▶ How to complete this task
Apart from the pictures, return every line of the listing exactly.

▶ Provided records
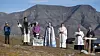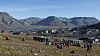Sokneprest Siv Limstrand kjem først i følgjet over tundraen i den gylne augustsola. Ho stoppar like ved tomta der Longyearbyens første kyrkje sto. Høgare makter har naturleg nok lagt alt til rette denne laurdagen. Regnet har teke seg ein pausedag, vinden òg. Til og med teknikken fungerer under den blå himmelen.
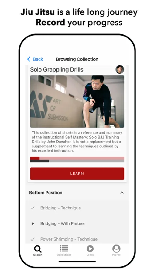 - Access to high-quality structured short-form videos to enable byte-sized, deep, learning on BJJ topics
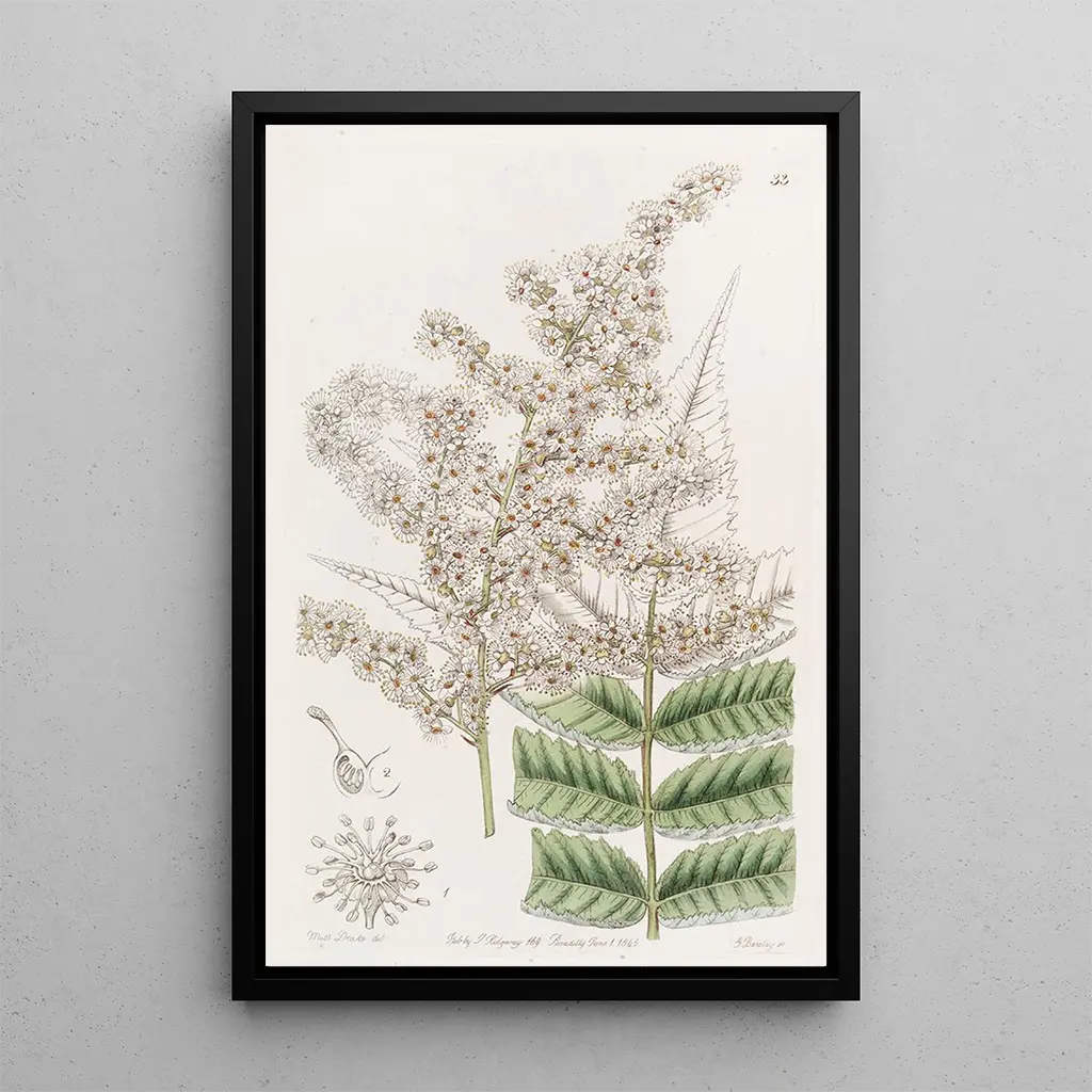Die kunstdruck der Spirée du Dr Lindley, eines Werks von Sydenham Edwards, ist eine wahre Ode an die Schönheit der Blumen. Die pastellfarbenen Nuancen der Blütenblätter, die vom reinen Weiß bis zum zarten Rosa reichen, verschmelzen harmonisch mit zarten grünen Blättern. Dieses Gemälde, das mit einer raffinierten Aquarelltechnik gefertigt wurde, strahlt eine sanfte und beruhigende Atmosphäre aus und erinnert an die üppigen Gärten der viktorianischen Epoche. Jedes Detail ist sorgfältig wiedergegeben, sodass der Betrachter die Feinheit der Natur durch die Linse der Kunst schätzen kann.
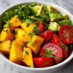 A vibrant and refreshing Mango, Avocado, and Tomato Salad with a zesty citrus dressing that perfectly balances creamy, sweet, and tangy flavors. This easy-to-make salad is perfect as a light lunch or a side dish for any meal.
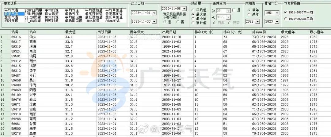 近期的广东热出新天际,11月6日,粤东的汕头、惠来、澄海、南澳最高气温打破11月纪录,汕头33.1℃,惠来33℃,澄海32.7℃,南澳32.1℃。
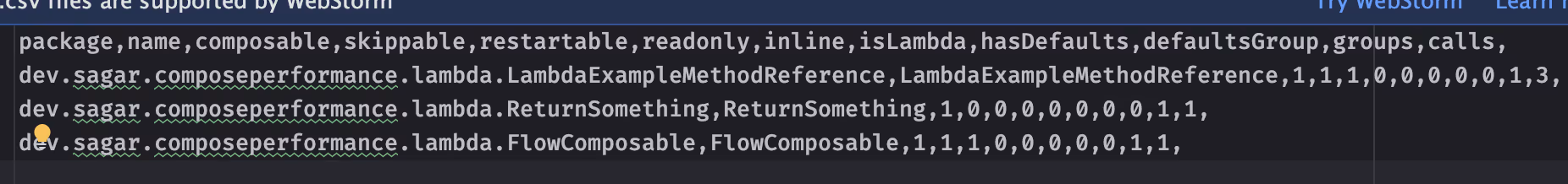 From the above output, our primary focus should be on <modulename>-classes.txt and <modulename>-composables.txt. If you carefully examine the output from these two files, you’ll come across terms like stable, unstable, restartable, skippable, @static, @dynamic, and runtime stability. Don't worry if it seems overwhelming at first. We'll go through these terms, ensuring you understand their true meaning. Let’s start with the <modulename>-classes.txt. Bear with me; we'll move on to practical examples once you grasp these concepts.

▶ Answer section
Sokneprest Siv Limstrand kjem først i følgjet over tundraen i den gylne augustsola. Ho stoppar like ved tomta der Longyearbyens første kyrkje sto. Høgare makter har naturleg nok lagt alt til rette denne laurdagen. Regnet har teke seg ein pausedag, vinden òg. Til og med teknikken fungerer under den blå himmelen.
 - Access to high-quality structured short-form videos to enable byte-sized, deep, learning on BJJ topics
Die kunstdruck der Spirée du Dr Lindley, eines Werks von Sydenham Edwards, ist eine wahre Ode an die Schönheit der Blumen. Die pastellfarbenen Nuancen der Blütenblätter, die vom reinen Weiß bis zum zarten Rosa reichen, verschmelzen harmonisch mit zarten grünen Blättern. Dieses Gemälde, das mit einer raffinierten Aquarelltechnik gefertigt wurde, strahlt eine sanfte und beruhigende Atmosphäre aus und erinnert an die üppigen Gärten der viktorianischen Epoche. Jedes Detail ist sorgfältig wiedergegeben, sodass der Betrachter die Feinheit der Natur durch die Linse der Kunst schätzen kann.
 A vibrant and refreshing Mango, Avocado, and Tomato Salad with a zesty citrus dressing that perfectly balances creamy, sweet, and tangy flavors. This easy-to-make salad is perfect as a light lunch or a side dish for any meal.
 近期的广东热出新天际,11月6日,粤东的汕头、惠来、澄海、南澳最高气温打破11月纪录,汕头33.1℃,惠来33℃,澄海32.7℃,南澳32.1℃。
 From the above output, our primary focus should be on <modulename>-classes.txt and <modulename>-composables.txt. If you carefully examine the output from these two files, you’ll come across terms like stable, unstable, restartable, skippable, @static, @dynamic, and runtime stability. Don't worry if it seems overwhelming at first. We'll go through these terms, ensuring you understand their true meaning. Let’s start with the <modulename>-classes.txt. Bear with me; we'll move on to practical examples once you grasp these concepts.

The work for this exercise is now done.